Host ROCm stack version shouldn’t matter with dockerized pytorch though as it only relies on the driver.

Something seems off. . . Gimme a bit to look this over. :thinking:

Keep in mind that gfx1010 was never officially supported and was always kept in the gray area:

but neither were the gfx8Xx and gfx9Xx (Fully, partially etc) yet there have been ways to get them to work. Even the APU’s (gfx9Xx +) are working. There needs to be some tweaking of course. If you are able to, building PyTorch from source with all the necessary flags, ROCm info might be an option.

:joy: I’ve even tried building the whole ROCm stack but that is also not officially supported and, let’s just say, there were many roadblocks.


… okay, not only not supported, but also very undocumented.

IIRC torch-only rebuild wasn’t worth it, because the missing parts were mostly in rocBLAS/Tensile and MIOpen.
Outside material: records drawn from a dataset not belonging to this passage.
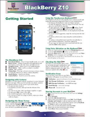 Do you need an easy-to-follow software reference right at your fingertips? Our 6 page, tri-fold guides are the answer. These quick reference guides include step by step instructions to help users to learn software features more quickly, as well as full color screen graphics to highlight important features. Quick Source reference guides also include the software program s NEW features and gives you quick access to time saving shortcuts. The BlackBerry Z10 Quick Source guide is a clear and concise tool for learning the features in Blackberry Z10. This guide include tips and instructions on many topics, including Using the Touchscreen Keyboard, Checking the Hub, and Syncing Accounts to your Hub. It also includes Using Voice Dialing, Sending a BBM, Adding an App, Using Time Shift, and Encrypting your Data!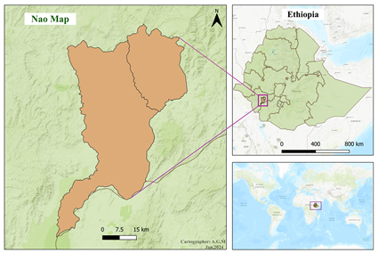The Naos are part of the Gimira cluster which includes the Dizi, the Tsara, the Benesho and the She. They and the Nao and the others in the Gimira cluster, inhabit the extreme southern and southwestern reaches of the densely forested Kaffa highlands of southwestern Ethiopia. They reside in an altitude of 1500-2500 meters which is not easily accessible. As opposed to the Dizi, the Benesho and others who are migrants to the area, the Nao together with the Tsara were the indigenous inhabitants of the land. They speak Nayi language, an Omotic language which has 58% lexical similarity with Diizin.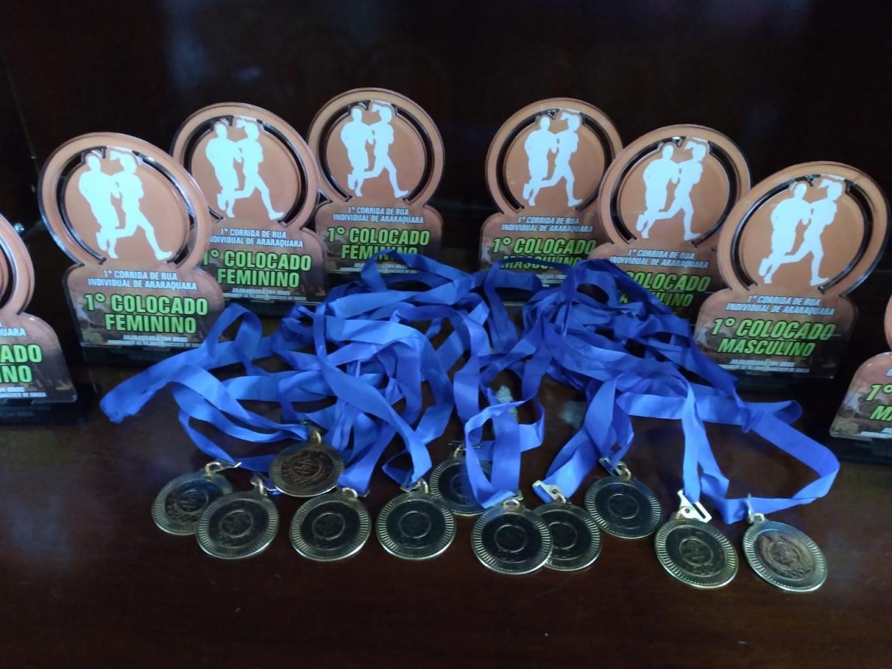 Foto 2 - Troféus e medalhas que será entregues aos ganhadores da Corrida de Rua Hilário Franscisco de Souza;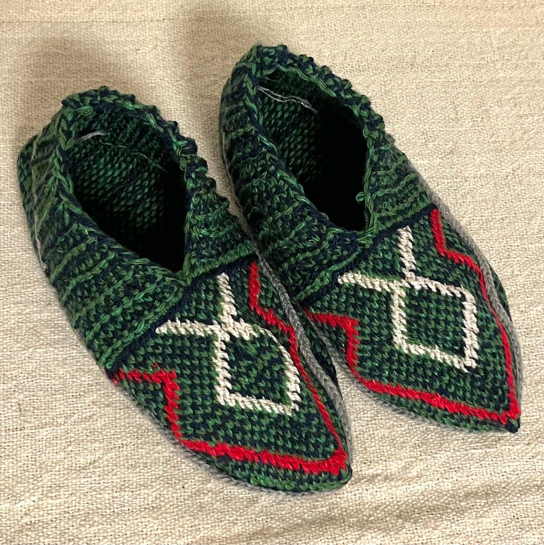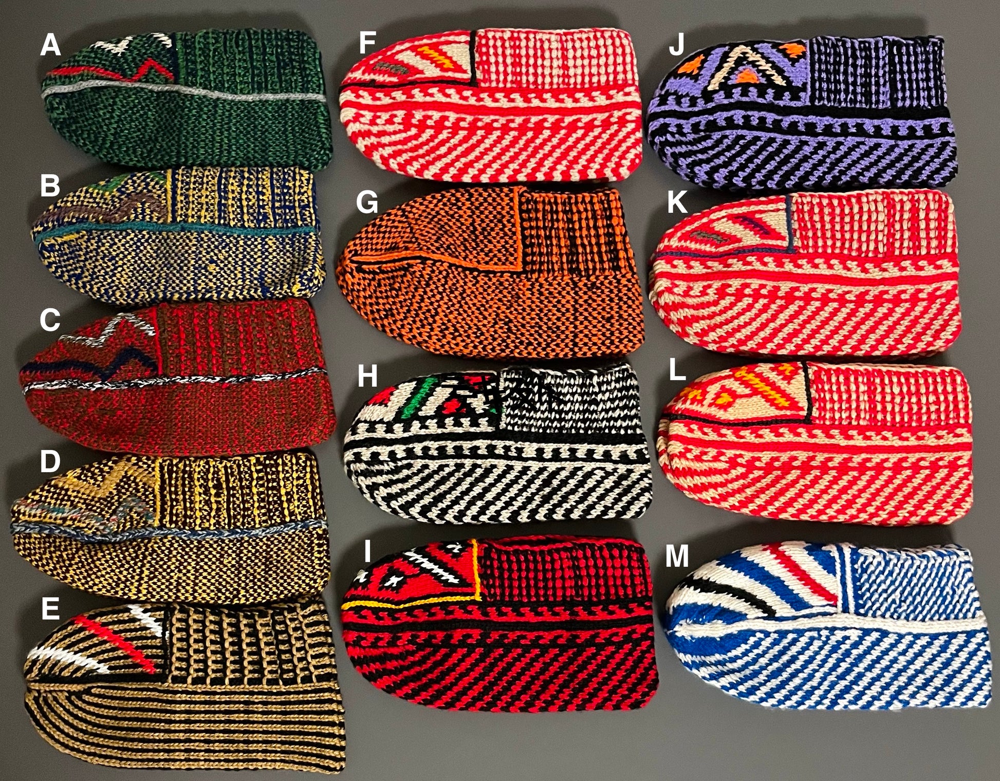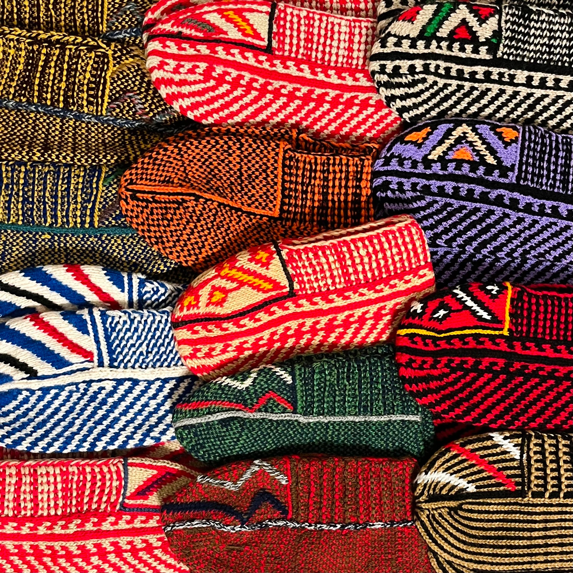 この土地で暮らすおばあちゃんたちが、ひとつひとつ丁寧に編んだ、伝統的な手編みの靴下です。色づかいや柄に、作り手の個性と手しごとの温もりが感じられます。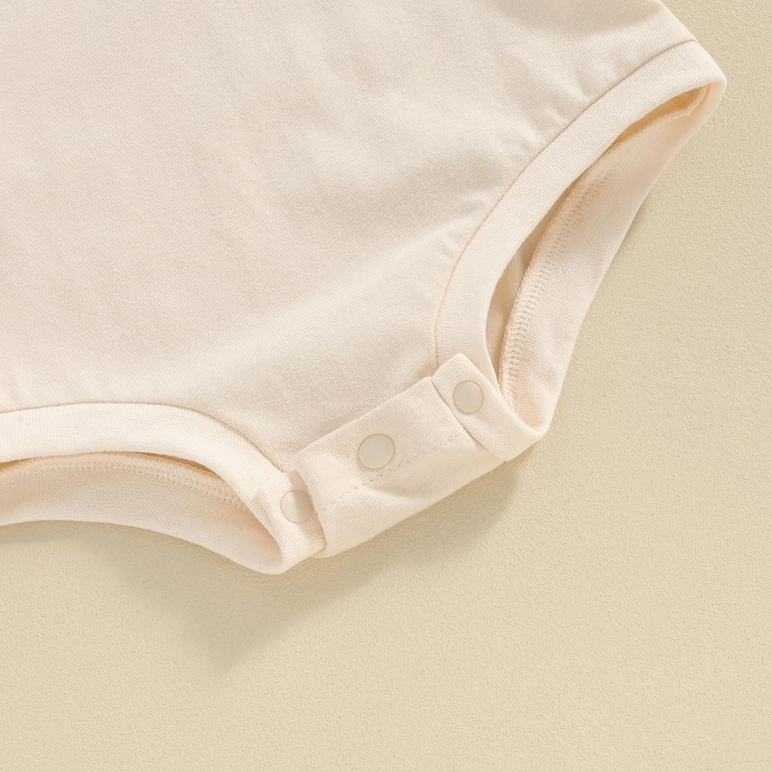 Child Boy Summer time Informal Jumpsuit Brief Sleeve Spherical Neck Button Up Free Match Striped Romper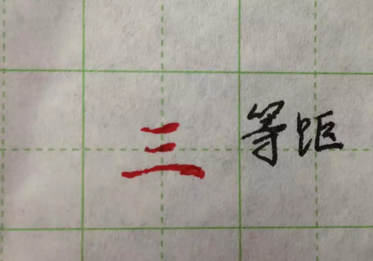 三字,除了三横横画等距外,还要注意中间的短横稍短一点,按顺序排列是,中间是短横,首横是中横,末笔是长横,书写应注意长短变化。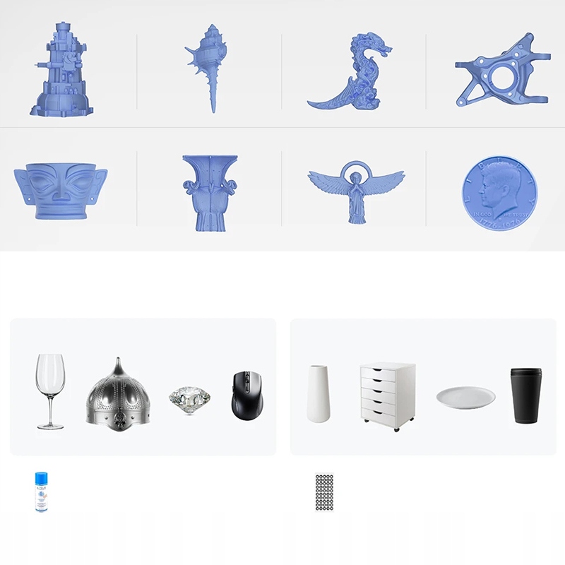 re -calibration: да Сканирование специальных объектов: используйте спрей для сканирования прозрачного, темного или сильно отражающего света объектов.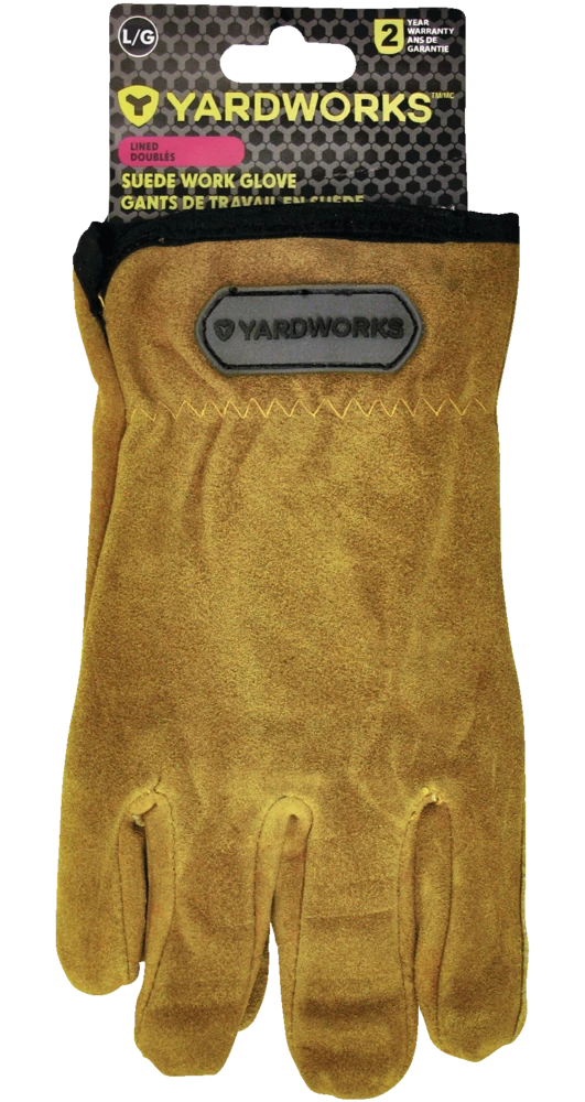 - Yardworks Suede Fleeced Lined Gloves provide excellent strength, durability, and comfort for all your outdoor needs

gfx9xx were more supported because MIs are GCN/CDNA, i.e. gfx906/gfx908/gfx90a, c.f. GPU Support and OS Compatibility (Linux) — ROCm 5.6.0 Documentation Home.
No RDNA (1) card was ever on the support list, because CDNA and RDNA diverged pretty heavily.
RDNA2 cards (RX6xxx) were unofficially supported because we got RDNA2-based PRO cards (V620 and W6800).

1 Like

AMD could sell a ton just for content creators “render boxes”, instead just easier to build a GeForce/Quadro render box for a specific task.
Doubtful ZLUDA can hold up the shim translation layer, next version(s) of CUDA could exclusively rely upon Tensor cores and AMD doesn’t have that on consumer GPUs(yet).